What Millennials Should Learn From The Greatest

Muhammad Ali is The Greatest.

Everyone you ask in person or on the internet will say so.

Ali himself would tell you.

The internet is truly a beautiful thing sometimes when it gives us the ability to relive moments we could never be there for in the first place. From The Moon Landing, MLK’s ‘I Have a Dream’ speech, Miracle on Ice, Michael Jordan in general, etc. Among the great and terrible things you can find, Muhammad Ali’s classics are all there. From the infamous shot against Sonny Liston to ‘Rumble in the Jungle’ to Thrilla in Manila everyone that had never gotten the chance to meet the man with the fastest, hardest hitting physicality can watch it all.

Millennials, like myself, never had the ability to see Ali in person, heard on the radio or been anywhere close to those historical moments but luckily technology has caught us up on what we’ve missed. The first time I ever saw Muhammad Ali was on an old ESPN special going through famous sports moments. They showed Jordan’s rings, The Shot by Christian Laetner, The Drive, and of course a side by side of two most famous Ali fights. Boxing at the time was more relevant today but not relevant enough that it was drawing the attendance comparable to the NBA, NFL, or even the MLB. I was gawking though. Being the pacifist that I am and even more so as a boy, I was enamored by the fact that man could be so swift and powerful at the same time.

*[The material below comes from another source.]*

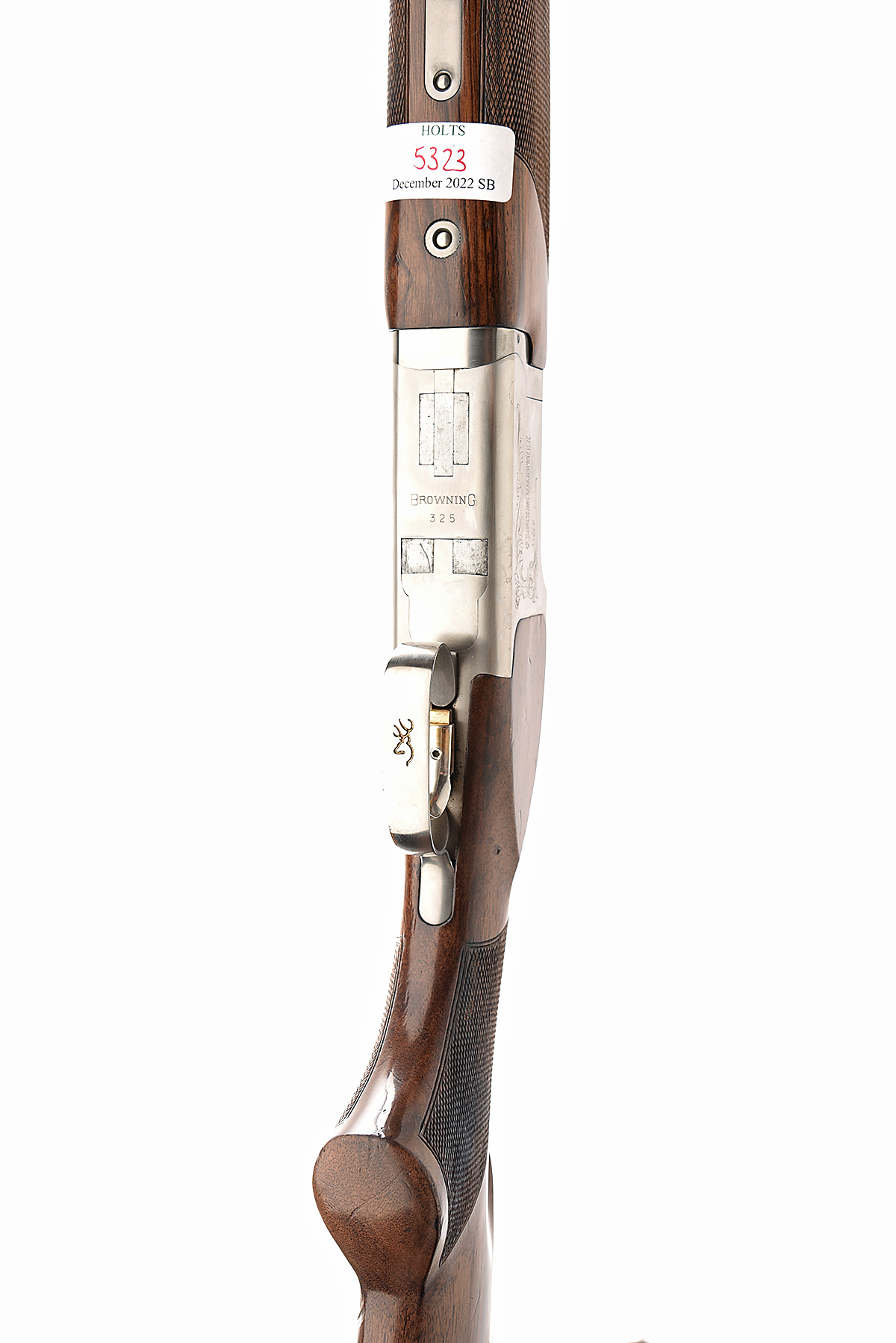 BROWNING 12-BORE '325 SP' SINGLE-TRIGGER OVER AND UNDER EJECTOR, serial no. 48148PN, for 1989, 28in. nitro barrels with 12mm ventilated matt top-rib, 2 3/4in. chambers, multichoke (no spares), hold-open toplever, automatic safety with integral barrel-selector switch, adjustable gold-washed trigger, partial acanthus scroll engraving, 14 1/2in. pistolgrip stock including 1 1/8in. rubber recoil pad, weight 7lb. 7oz.

From that point onward, Muhammad Ali became another staple-named athlete that everyone knew as well as any common sense functions like knowing how to read a clock or involuntarily catching a falling object seen from peripherals. The general responses become bland and repetitive: “Muhammad Ali, man”, “I know! The Greatest. Fly like a butterfly and sting like a bee”. There’s no true emotional response to the phrase as much as the first time we have heard it.

It was not until I started to read Muhammad Ali’s conversations rather than watching it, that I truly realized what The Greatest had to offer for everyone. Ali’s words just outside a practice gym, at the Whitehouse, randomly on a street, or up at a podium rang true and with authentic execution as he never had a script. Ali always spoke from the heart which could be soft or land as hard as his haymakers.

All of his famous speeches for the most are available online and I believe they all contain lessons any one us can take especially Millennials that are just getting out of college in to the unknown, starting a family for the first time, adventuring on a new business idea or even just looking for something to help motivate.

For anyone living life, here are the things The Greatest has said that makes for great brain food.

On Friendship

“Friendship… is not something you learn in school. But if you haven’t learned the meaning of friendship, you really haven’t learned anything.”

Getting through the tough stuff

“I hated every minute of training, but I said, ‘Don’t quit. Suffer now and live the rest of your life as a champion.”
“He who is not courageous enough to take risks will accomplish nothing in life.”
“Only a man who knows what it is like to be defeated can reach down to the bottom of his soul and come up with the extra ounce of power it takes to win when the match is even.”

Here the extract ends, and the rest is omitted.